Столкнулись между собой не только две политические ориентации – на союзников и на Японию, не только две тенденции в Белом движении – вековая традиция российской государственности и столь же древняя стихия атаманщины, самозванчества, – но и два человека, хорошо знавшие и ненавидевшие друг друга. Одному сорок пять лет, он знаменитый адмирал, исследователь Арктики, автор учёных трудов, герой Порт-Артура, бывший командующий Черноморским флотом; то, что для него было национальной и личной трагедией, для другого, недавно ещё никому не известного, полного сил двадцативосьмилетнего полковника стало шансом на успех. Семёнов рвался к власти, сам взял её и не намерен был никому уступать ни части завоёванного; Колчак власти не хотел, но принял её из чувства гражданского, военного и человеческого долга, как принял бы любое другое поручение, если бы считал его полезным для спасения родины.

«Легенда о „железной воле“ Колчака, – писал Павел Николаевич Милюков, – очень скоро разрушилась, и люди, хотевшие видеть в нём диктатора, должны были разочароваться.
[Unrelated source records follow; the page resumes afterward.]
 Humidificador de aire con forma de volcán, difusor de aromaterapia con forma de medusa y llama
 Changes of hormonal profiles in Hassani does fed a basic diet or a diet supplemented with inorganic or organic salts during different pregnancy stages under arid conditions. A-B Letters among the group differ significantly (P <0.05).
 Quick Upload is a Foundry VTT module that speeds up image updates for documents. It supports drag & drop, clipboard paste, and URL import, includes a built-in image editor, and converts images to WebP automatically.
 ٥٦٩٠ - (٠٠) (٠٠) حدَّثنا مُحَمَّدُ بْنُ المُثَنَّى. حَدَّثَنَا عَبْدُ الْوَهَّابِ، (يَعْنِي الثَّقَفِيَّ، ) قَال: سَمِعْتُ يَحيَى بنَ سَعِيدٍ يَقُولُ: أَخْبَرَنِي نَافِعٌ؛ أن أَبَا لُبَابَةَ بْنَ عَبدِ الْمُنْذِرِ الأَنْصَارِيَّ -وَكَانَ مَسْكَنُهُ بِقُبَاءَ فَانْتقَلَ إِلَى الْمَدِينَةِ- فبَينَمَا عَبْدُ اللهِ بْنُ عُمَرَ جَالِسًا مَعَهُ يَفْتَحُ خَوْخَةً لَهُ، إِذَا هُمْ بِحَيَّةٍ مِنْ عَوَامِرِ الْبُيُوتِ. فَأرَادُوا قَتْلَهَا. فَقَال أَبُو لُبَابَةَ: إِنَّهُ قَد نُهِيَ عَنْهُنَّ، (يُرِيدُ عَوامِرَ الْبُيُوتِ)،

Человек тонкой духовной организации, чрезвычайно впечатлительный, более всего склонный к углублённой кабинетной работе. Колчак влиял на людей своим моральным авторитетом, но не умел управлять ими».

Ещё определённее писал о нём Будберг, военный министр Омского правительства:

«Это большой и больной ребёнок, чистый идеалист, убеждённый раб долга и служения идее и России; несомненный неврастеник, быстро вспыхивающий, бурный и несдержанный в проявлении своего неудовольствия и гнева… Истинный рыцарь подвига, ничего себе не ищущий и готовый всем пожертвовать, безвольный, бессистемный и беспамятливый, детски и благородно доверчивый, вечно мятущийся в поисках лучших решений и спасительных средств, вечно обманывающийся и обманываемый, обуреваемый жаждой личного труда, примера и самопожертвования, не понимающий совершенно обстановки и не способный в ней разобраться, далёкий от того, что вокруг него и его именем совершается…»
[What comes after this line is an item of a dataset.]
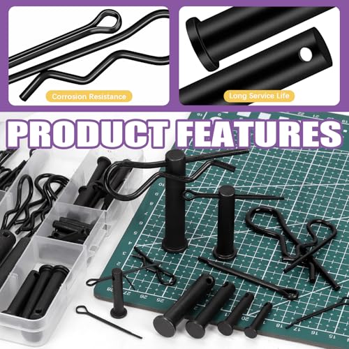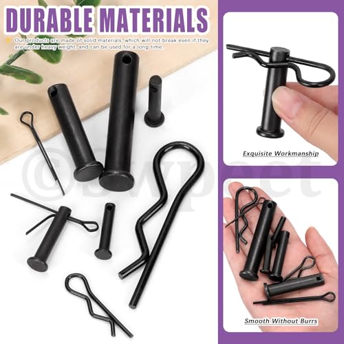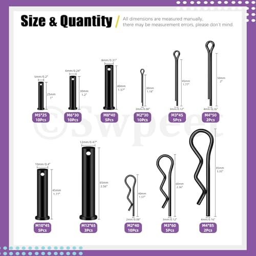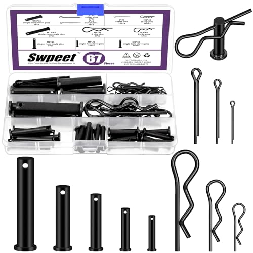 Swpeet 67Pcs 5 Sizes Clevis Pins with Cotter Pin Assortment Kit, Single Hole Flat Head Clevis Pins, R Pins, Hairpin, Cotter Pin, Split Pins Fitting Hole Location Pin Clips Fastener 👑 Why Choose Us? 🏅 1.Various Options ✨ 5 Sizes Clevis Pins for you to choose from, including M5×25, M6×30, M8×40, M10×45, M12×65. 🏅 2.High Quality ✨ All the pins are made of high-quality carbon steel, with strong hardness, rust and corrosion resistant, durable and steady not easy to break. Smooth surface, no burrs, will not hurt your hands when used. 🏅 3.A Complete Kit ✨ Our pin fasteners kit includes 3 different styles. Hairpin Cotter and R Cotter are given,which give fast and secure hold for Clevis Pins to ensure stability 👑 Specifications ✨ Material: Carbon Steel ✨ Size: As shown in the picture ✨ Color: Black 👑 Package Includes: 💫(1)Clevis Pins ✨ 10Pcs -------- M5×25 ✨ 10Pcs -------- M6×30 ✨ 5Pcs -------- M8×50 ✨ 5Pcs -------- M10×45 ✨ 3Pcs -------- M12×65 💫(2)R Pin ✨ 10Pcs -------- M2×40 ✨ 5Pcs -------- M3×60 ✨ 2Pcs -------- M4×80 💫(3)Cotter Pins ✨ 10Pcs -------- M2×40 ✨ 5Pcs -------- M3×45 ✨ 2Pcs -------- M4×50 ✨ In total 67Pcs
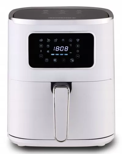 Poznaj nowoczesną frytkownicę beztłuszczową HEINRICH'S HFR 8216 w eleganckim, białym kolorze. To wszechstronne urządzenie typu frytkownica na gorące powietrze, które pozwala na przygotowywanie zdrowszych wersji ulubionych potraw. Dzięki dużej pojemności 5 litrów i mocy 1450 W, idealnie sprawdzi się podczas gotowania dla całej rodziny. Urządzenie oferuje szeroki zakres temperatur, od 80 °C do 200 °C, co umożliwia precyzyjne dopasowanie do różnych przepisów.

Весной 1919 года, в момент наивысших успехов на фронтах, редактор газеты «Русское дело» Устрялов наблюдал за Колчаком во время молебна в омском Казачьем соборе и в тот же вечер записал в дневнике, что на лице адмирала «видна печать обречённости». Устрялов подчёркивает: это именно тогдашнее наблюдение, зафиксированное в дневнике, а не придуманное задним числом. Действительно, мысли о Роке, о гибельности избранного пути, об игре тайных сил преследовали Колчака постоянно. Он много думал о смерти, готовился к ней и при поездках на фронт не расставался с револьвером, чтобы застрелиться при угрозе плена. Семёнов отнюдь не был подвержен подобным настроениям. Умирать он не собирался и в любых обстоятельствах имел запасной вариант жизни, будь то штатский костюм на случай бегства или деньги в банках Харбина и Нагасаки. Он никогда не считал себя ни игрушкой надмирных сил, как Колчак, ни их орудием, как Унгерн, и все его предприятия, даже самые, казалось бы, авантюрные, определялись тремя факторами: собственным интересом, трезвым расчётом и мощным инстинктом самосохранения.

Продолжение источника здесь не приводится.